# DLNA Support



## malverde (Mar 13, 2007)

Seriously... Time to start supporting DLNA...


----------



## admiral55 (Apr 5, 2013)

I second that motion....


----------



## magnus (Nov 12, 2004)

No fake. I wonder why they have not done this yet.


----------



## tomhorsley (Jul 22, 2010)

Well, there is the fact the DLNA has an absurdly restricted set of codecs and video formats it is willing to play, perhaps they think it is useless.

I'd rather see them support mounting network filesystems and playing media from them .


----------



## wmcbrine (Aug 2, 2003)

The TiVo itself has a very restricted set of codecs it can play. If anything, it's probably a narrower set than DLNA.

Except for MP3s, which it handles rather poorly, everything the TiVo plays back relies on hardware decoding. To get broad-spectrum format support, you pretty much need software decoding. And the TiVo just doesn't have the CPU power to do that in real time.

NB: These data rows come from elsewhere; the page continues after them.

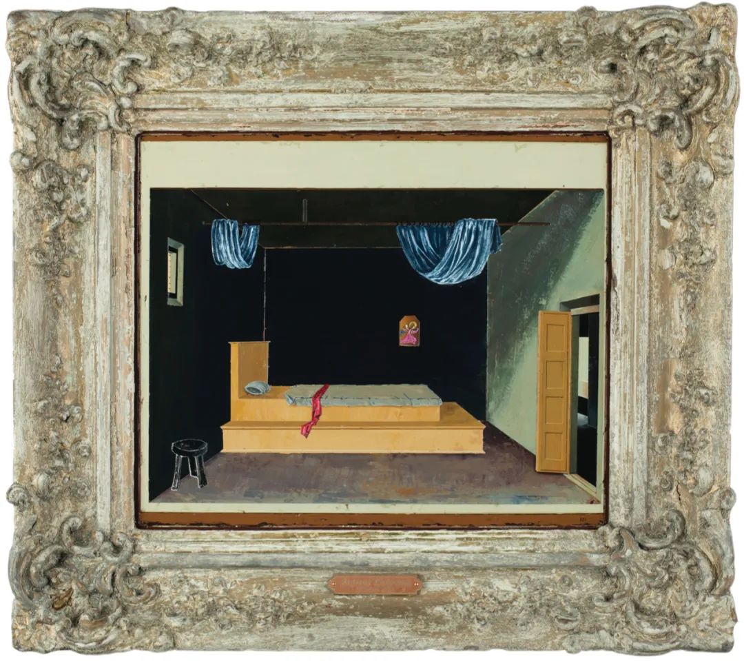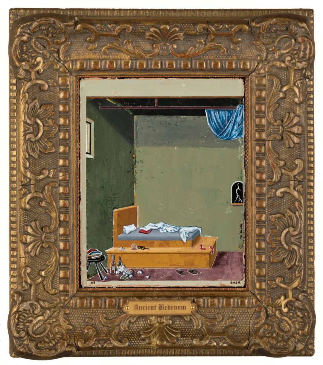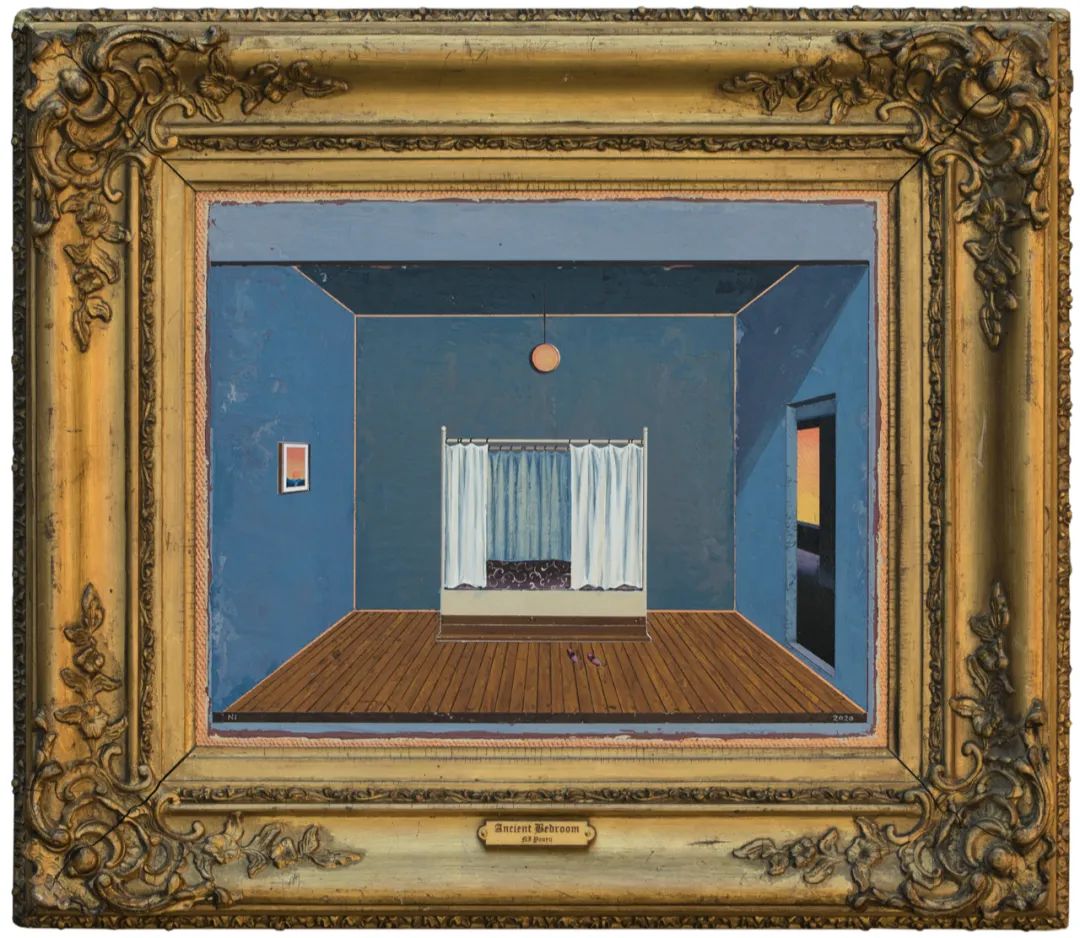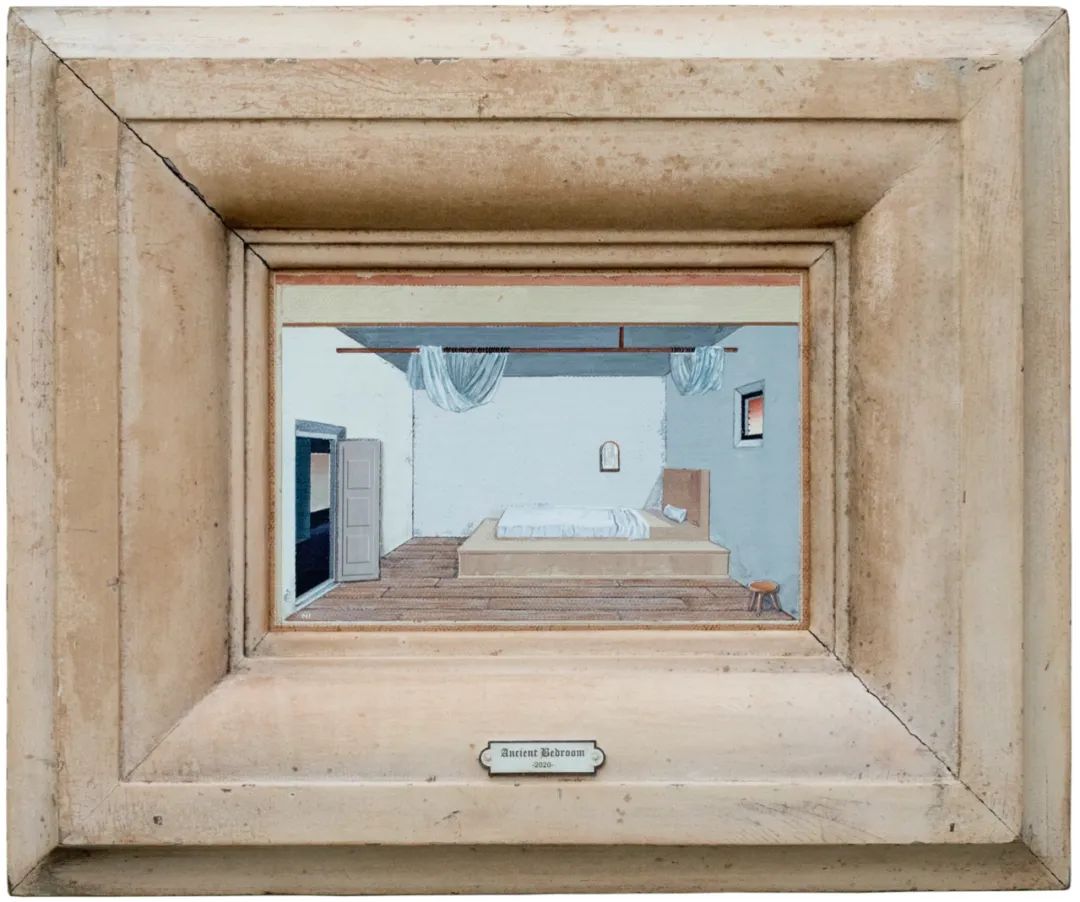 新系列的绘画,是在一批古董画框里描绘无人的空房间。画的内容十分应景:卧室、餐厅、床、工作室……各种各样的室内空间,是过去一年疫情里,全球人民待的最多的地方。
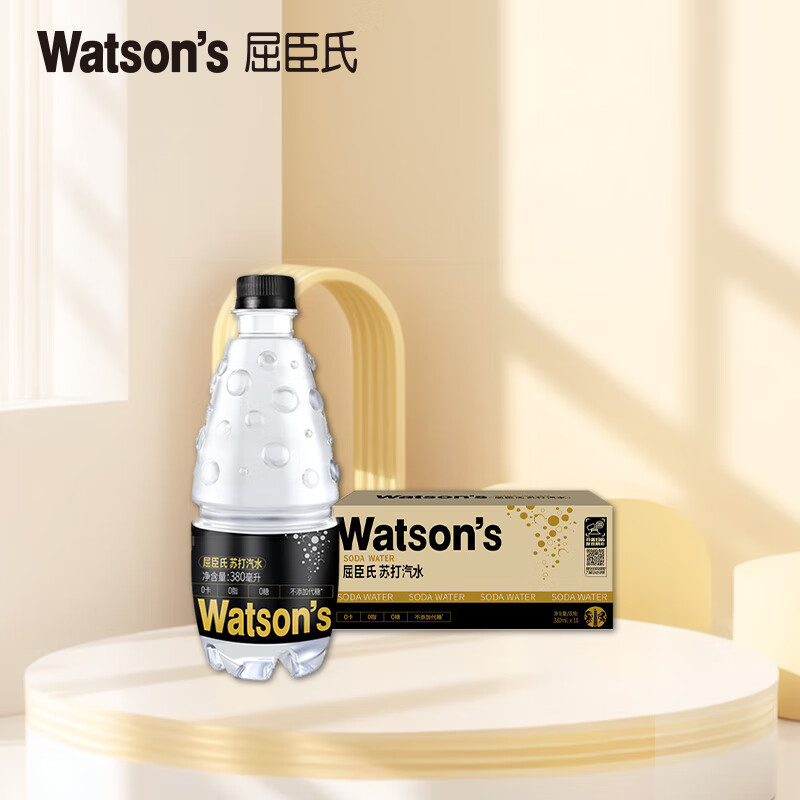 屈臣氏原味无糖苏打水0糖0卡0脂含汽苏打饮料380mL*18瓶装整箱春季出游
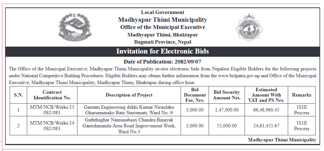 सार्वजनिक खरीद / बोलपत्र सूचना
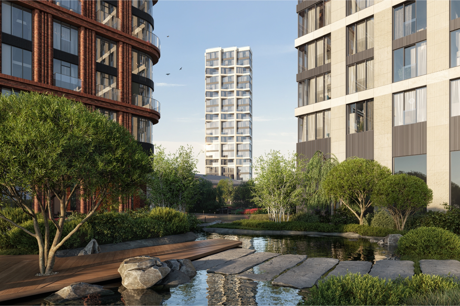 На территории жилого квартала «Тишинский бульвар» также появятся спортплощадки и прогулочный бульвар. Здесь обустроят водные объекты, в том числе пруды и сухой фонтан, высадят ивы, рябины, клены.
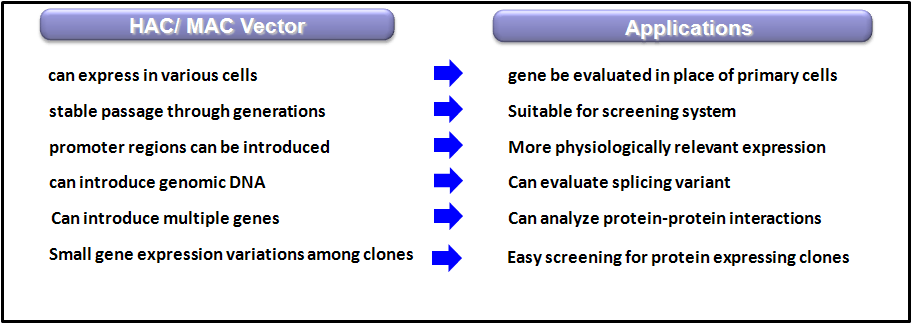 Our technical strength resides on ability to introduce large set of genes and their regulatory regions into practically any cells. Those genes are introduced to host in a form of artificial chromosomes, which enable us to develop stable cell lines compared with ones using plasmid. Transgenic animals can be created by applying HAC/ MAC (Human/Mouse Artificial Chromosome) vector to ES cells.

The reason why something like pyTivo is a major project is that it spends most of its effort massaging the diverse media formats on your PC into forms that the TiVo will accept.


----------



## Dan203 (Apr 17, 2000)

TiVo has hardware support for the required DLNA formats and most of the optional formats as well. 

The only required formats are MPEG-2 video and LPCM audio, both of which they support. We know they can also decode H.264 and WMV video (the original Netflix used WMV) as well as MP3, MP2, AC3 and WMA audio. Not 100% sure about MPEG-4 pt.2 but since the chip can do H.264 it can probably also do MPEG-4 pt.2. So that only leaves ATRAC3 audio, which is not widely used anyway.

Also the containers DLNA requires are PS, TS, MP4 and ASF all of which TiVo supports. (ASF is what WMV uses) So they're covered there as well. 

The fact that DLNA is so restricted is actually why TiVo should be able to support it.


----------



## ae6dx (Jul 21, 2005)

I'd love to see this.


----------